La carretera tenía tantas curvas que empezó a marearse. Bajó la ventanilla para que le tocara un poco el aire. La carretera estaba llena de señales de «Prohibido adelantar». Después de pasar la que sería la número quince, murmuró:

– No me jodas.

– No me jodas, ¿qué?

– Todas estas señales de «Prohibido adelantar» En primer lugar, ¿cómo se puede adelantar en ningún sitio en esta mierda de carretera? Es una curva tras otra. Y, en segundo lugar, no hay a qué adelantar.

– Chico de ciudad -dijo Toxtel con una sonrisa.

– Sigue recto -replicó Goss, con la mirada en el mapa-. Tenemos que tomar el próximo desvío a la derecha.

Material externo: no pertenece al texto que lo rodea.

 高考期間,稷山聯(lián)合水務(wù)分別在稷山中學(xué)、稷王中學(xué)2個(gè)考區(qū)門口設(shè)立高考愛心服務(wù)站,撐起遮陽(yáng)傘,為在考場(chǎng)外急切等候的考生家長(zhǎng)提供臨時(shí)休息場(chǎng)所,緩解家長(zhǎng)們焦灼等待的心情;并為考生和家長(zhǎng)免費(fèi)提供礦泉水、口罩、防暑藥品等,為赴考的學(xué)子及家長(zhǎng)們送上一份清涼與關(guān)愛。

El «próximo» desvío estaba a diez largos minutos. La temperatura había descendido un par de grados más y el aire empezaba a ser frío. Goss se preguntó a qué altura estarían.

La carretera que estaban buscando estaba señalizada por una hilera de unos treinta buzones, aunque clavados en el suelo con distintas inclinaciones, como una hilera de soldados borrachos. También había una señal que decía «Trail Stop», y una flecha y, justo al lado, un cartel donde se leía «Pensión Nightingale».

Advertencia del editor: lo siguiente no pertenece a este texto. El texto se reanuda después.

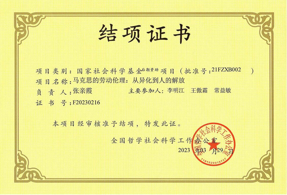 近日,从国家社科规划办获悉,肉漫屋 院长张亲霞教授主持的国家社会科学基金后期资助项目 “马克思的劳动伦理:从异化到人的解放”(21FZXB002)顺利通过国家社科规划办组织的鉴定,实现提前结题。
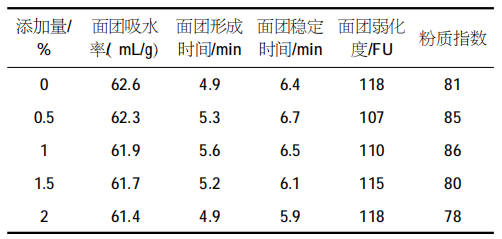 Los resultados de la prueba de calidad de la harina se muestran en la Tabla 1 cuando se añadieron a la harina 0,5~2 % de almidón de acetato en diferentes cantidades.
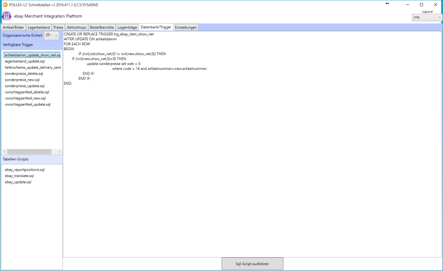 Als nächstes sind die nötigen Datenbanktabellen und Trigger anzulegen. Dazu gibt es bereits vorgefertigte SQL-Scripts die auf Ihr Unternehmen angepasst werden müssen. Dies betrifft z.B. Lagernummer oder Abrufcodes. Wählen Sie zuerst oben eine OE aus und klicken Sie dann auf die jeweiligen Tabellen bzw. Trigger.
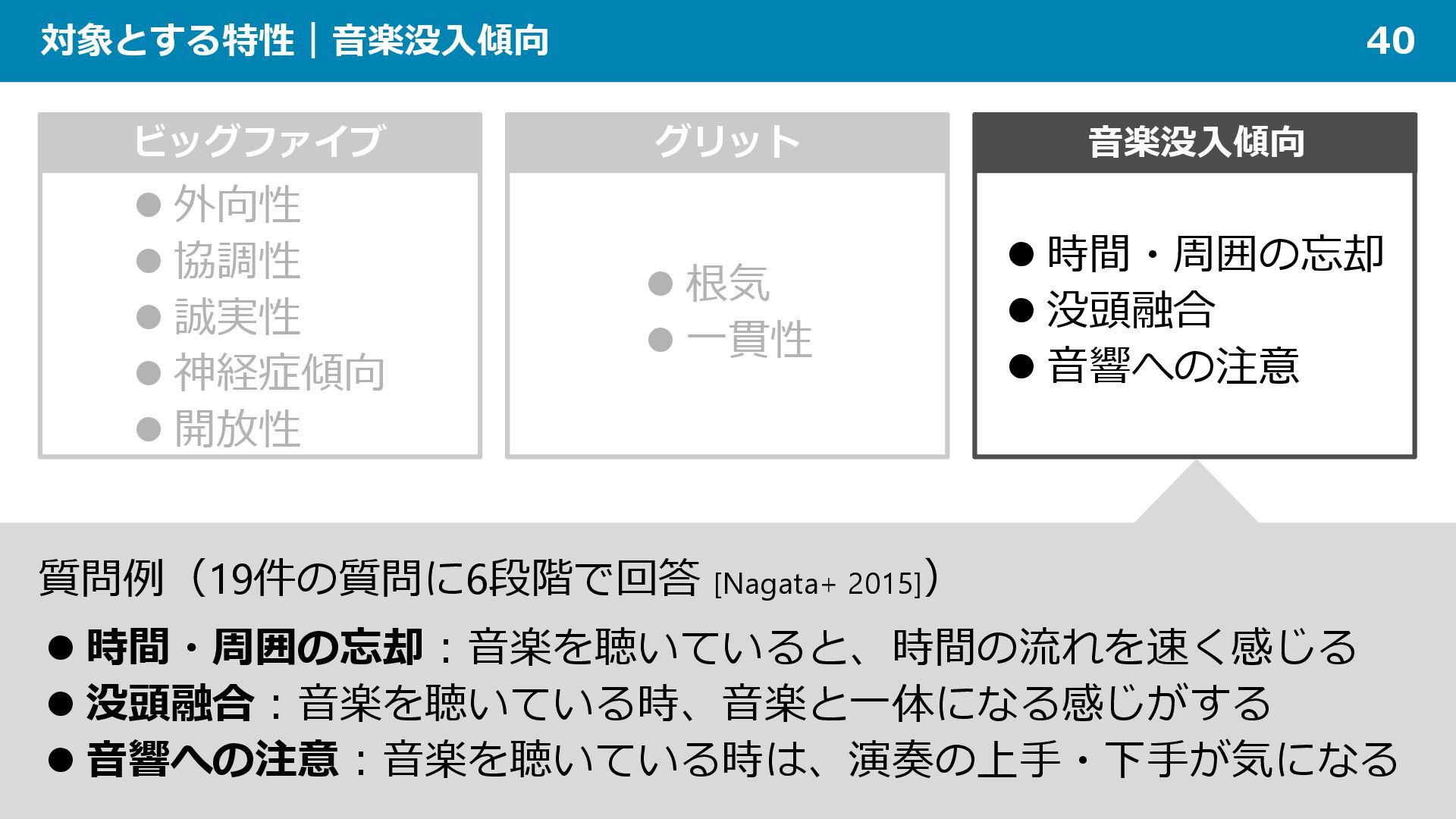誠実性 神経症傾向 開放性 根気 一貫性 時間・周囲の忘却 没頭融合 音響への注意 時間・周囲の忘却:音楽を聴いていると、時間の流れを速く感じる 没頭融合:音楽を聴いている時、音楽と一体になる感じがする 音響への注意:音楽を聴いている時は、演奏の上手・下手が気になる 質問例(19件の質問に6段階で回答 [Nagata+ 2015])

– Es esa -dijo Toxtel-. No debería costamos mucho encontrarla.

Desde que habían cogido el coche no habían dejado de subir pero, poco después de adentrarse en la estrecha carretera de un único carril, empezaron a descender de forma bastante brusca. El descenso era mucho más pronunciado que la subida y Toxtel, a pesar de poner una marcha más corta, tuvo que pisar el freno.

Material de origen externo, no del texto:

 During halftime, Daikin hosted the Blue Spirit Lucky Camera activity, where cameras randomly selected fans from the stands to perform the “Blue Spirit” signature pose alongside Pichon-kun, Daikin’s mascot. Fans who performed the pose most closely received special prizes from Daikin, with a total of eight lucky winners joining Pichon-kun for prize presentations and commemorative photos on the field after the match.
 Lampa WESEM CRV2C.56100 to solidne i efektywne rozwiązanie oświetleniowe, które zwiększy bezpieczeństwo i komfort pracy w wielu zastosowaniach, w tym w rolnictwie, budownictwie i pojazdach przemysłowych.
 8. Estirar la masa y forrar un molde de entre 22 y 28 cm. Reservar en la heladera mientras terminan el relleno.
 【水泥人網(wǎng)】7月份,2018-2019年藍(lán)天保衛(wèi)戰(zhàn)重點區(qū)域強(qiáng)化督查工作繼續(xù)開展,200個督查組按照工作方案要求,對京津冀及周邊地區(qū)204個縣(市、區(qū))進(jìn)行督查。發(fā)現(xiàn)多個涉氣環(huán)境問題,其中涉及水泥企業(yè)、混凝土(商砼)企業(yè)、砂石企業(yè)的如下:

Desde una curva, vieron lo que debía de ser Trail Stop, un pueblo que se levantaba en una lengua de tierra con el río a la derecha. Parecía que el número de casas coincidía con el número de buzones en la carretera.

Cuando llegaron al valle, cruzaron un estrecho puente de madera que crujió bajo el peso del Tahoe. Goss se asomó por la ventana y observó el enorme caudal del riachuelo que venía de las montañas y desembocaba en el río; el agua era blanca de la fuerza con la que chocaba contra las rocas del lecho del río y sintió un escalofrío en la espalda. El riachuelo no era tan grande como el río que habían visto, pero había algo que le daba mala espina.

– No mires, pero creo que estamos en el escenario de la película Deliverance -susurró.

– Te has equivocado de estado -le respondió Toxtel como si nada, absolutamente relajado entre tanta vida salvaje.

La carretera ascendía ligeramente en una curva hacia una pequeña colina y, cuando llegaron a la cima, Goss cerró los ojos por si acaso venía otro coche en dirección contraria y chocaban y después vieron el pueblo: varios edificios que se levantaban a ambos lados de la carretera. Había varias casas, casi todas pequeñas y viejas, un colmado, una ferretería, unas cuantas casas más y, al final de la carretera a la izquierda, había una casa de estilo Victoriano con unos enormes porches, muy elegante, y con un cartel donde ponía que era una pensión. En el aparcamiento lateral había dos coches y, en el de la parte posterior, otro. La puerta lateral estaba abierta y, a la derecha del garaje, había otra puerta. Quizá sería un buen lugar para empezar a buscar las cosas de Layton, pensó Goss.